Delineation of past environment and climatic change

    In archaeological interpretation, the determination of past environmental conditions has played a crucial role in learning how and where people lived as methods of survival and adaptation to external factors. As reliable indicators of local and regional conditions, faunal remains have been instrumental in this process, microfauna being of particular importance. Being extremely numerous and sensitive to slight short or long-term environmental fluctuation, small organisms such as insects, birds and rodents adapt quickly and subsequently explicitly illustrate the types of environments ancient people endured (Luff 1984). Characteristics of climate indicated by genetic and morphological differences in organisms over time include expansive global factors, such as glacial conditions as contemporaneous with the different global phases or more finely tuned environmental conditions such as rainfall and temperature. When a set of faunal remains are recovered at a site, as with faunal remains used in subsistence reconstruction, identification of means of aggregation prior to use in environmental indication is necessary. As the determination of climate from faunal remains usually aims to relate conditions expressed through the fauna to an entire archaeological layer (Amorosi et al 1996), it is crucial that the faunal remains be proven contemporaneous with the layer itself and not the result of animal burrowing. For the examination of smaller-scale climate, determination of the context of the animal remains is also important, since faunal remains would not accurately reflect local climate if found in their secondary context.

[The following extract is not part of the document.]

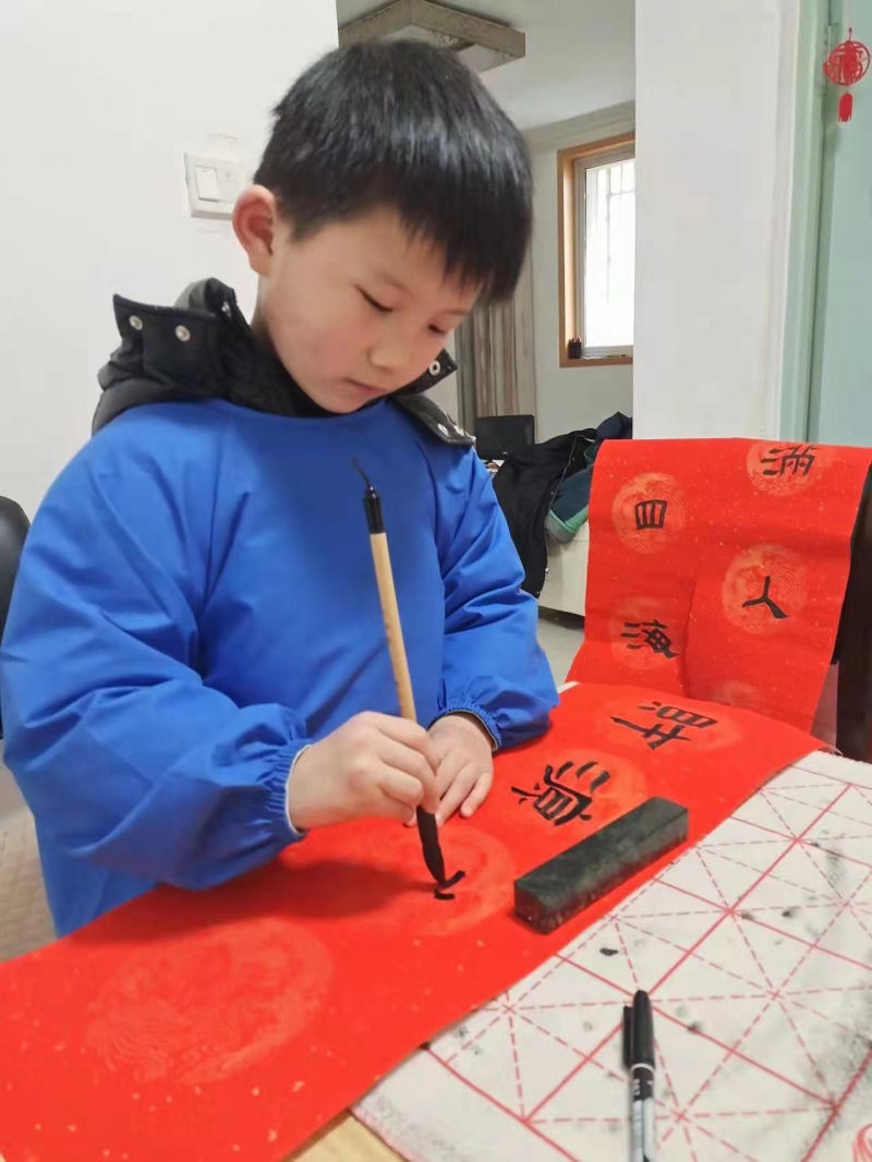 孩子們感受和傳承傳統(tǒng)文化的最佳途徑就是讓其親身參與。春節(jié)是我國最隆重的傳統(tǒng)節(jié)日,孩子們和家人一起參與買年貨、貼對聯(lián)、包餃子、拜大年等民俗活動,體會濃濃的年文化。也可以從拍攝拜年小視頻,制作虎文化作品等作業(yè)中,收獲快樂和幸福,感受傳統(tǒng)文化的魅力。

    Apart from being an excellent source of direct evidence of ancient subsistence as previously discussed, the expansive layers of shell refuse collected in shell middens over long or short periods of time have been invaluable means of population and environmental indication. Combined with their favorable chemical composition allowing for optimal preservation, the human activity of piling large amounts of shells on top of one another in succession can be seen as a readily available, compact history of seasonal and climatic change. Specifically, changing relative frequencies of certain species of marine molluscs that are more capable of sustaining certain conditions over periods of time indicate alterations in environment (Evans 1969). If, for example, the frequency of a certain bivalve which responds well to sandy as opposed to rocky surroundings is high, one could deduce that the environment from which the marine mollusc was harvested to have been sandy. Through inference of temperature from other relative frequencies in the midden, the combined factors begin to illustrate immediate environmental conditions, and if the location of harvest can be determined as within the region of occupied by the people, a fairly accurate estimation of their surroundings will have been accomplished.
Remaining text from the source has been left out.